The function prototype looks like this:

def predict_levels(ds_name, levels_rel, levels_op, levels, prediction_parameters, item=None):
    - Get current slice
    - Check if prediction file is up-to-date
    - if not (re-)create prediction file
    - get min, max, avg, stddev from prediction file for current time
    - compute levels from that by applying levels_rel, levels_op and levels
    - return levels


c) Implementing dynamic levels in several checks

From the existing variety of different checks it should be clear that there
can be no generic way of enabling dynamic levels for *all* checks. So we
need to concentrate on those checks where dynamic levels make sense. Such
are for example:

CPU Load
CPU Utilization
Memory usage (?)
Used bandwidth on network ports
Disk IO
Kernel counters like context switches and process creations

Those checks should get *additional* parameters for dynamic levels. That way the
current configuration of those checks keeps compatible and you can impose an ultimate
upper limit - regardless of dynamic computations.

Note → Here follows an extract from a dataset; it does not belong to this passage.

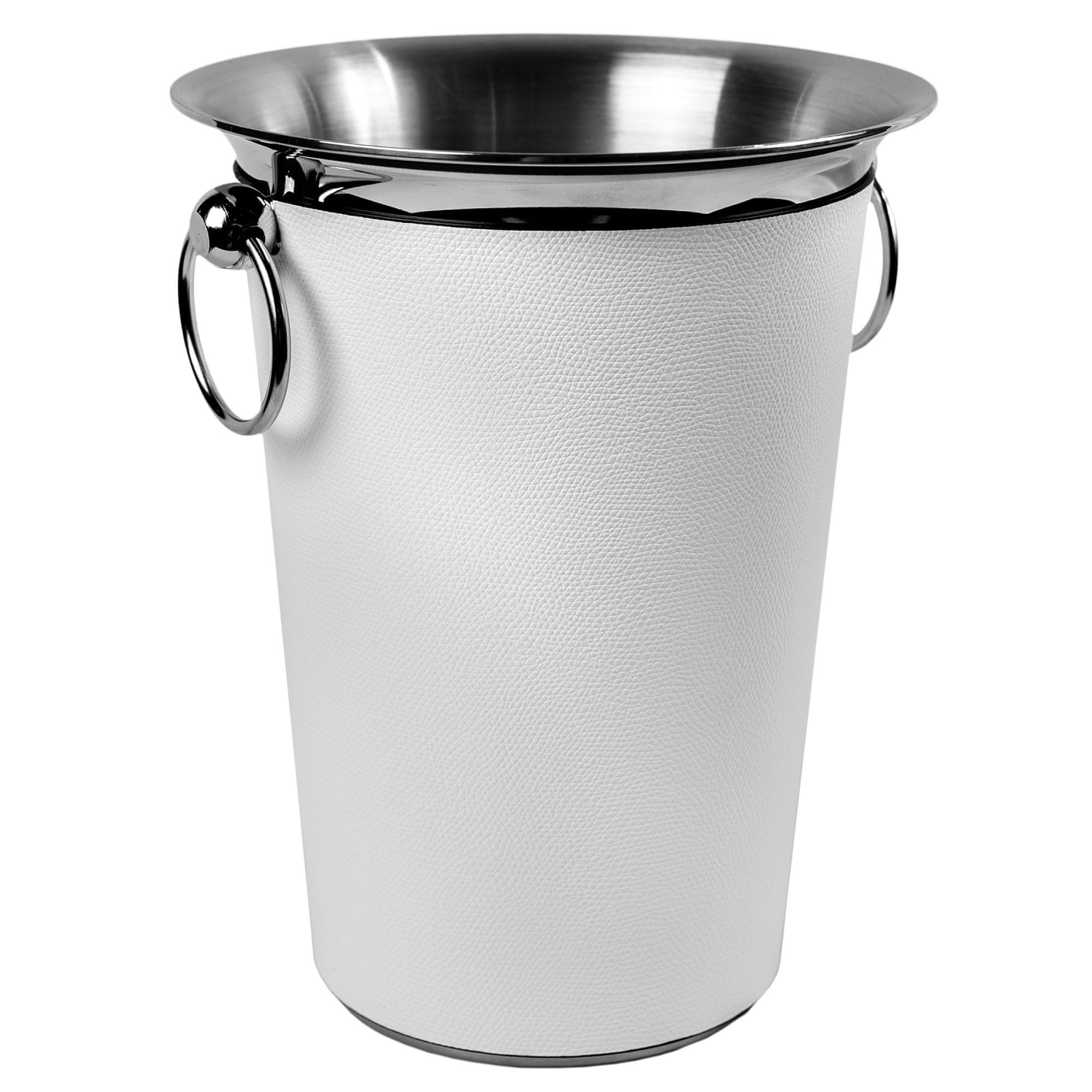 Jeklena hladilna posoda za šampanjec, prevlečena s telečjo kožo v prevleki Liverpool, ki je zelo odporna na vodo in praske. Celoten opis

Some of those checks need to be converted from a simple tuple to a dictionary based
configuration in order to do this. Here we must make sure that old tuple-based
configurations are still supported.


d) WATO rules for dynamic levels

When the user is using dynamic levels for a check then he needs to (or better:
can) specify many parameters, as we have seen. All those parameters are
mostly the same for all the different checks that support dynamic levels. We
can create a helper function that makes it easier to declare such parameters
in WATO rules.

Checks that support upper *and* lower levels will get two sets of parameters, because
the logic for upper and lower levels might differ. But the need to share the same
parameters for the prediction generation (slicing, etc) so that one prediction file
per check is sufficient.


e) PNP Templates

Making the actually predicted levels transparent to the user is a crucial point
in the implementation. An easy way to do this is to simply add the predicted
levels as additional performance values. The PNP templates of the affected
checks need to detect the availability of those values and add nice lines to
the graph. 

This is easy - while having one drawback: The user can see predicted levels
not before they are actually applied. The advantage on the other hand is that
if parameters for the prediction are changed then the graph still correctly
shows the levels that had been valid at each point of time in the past.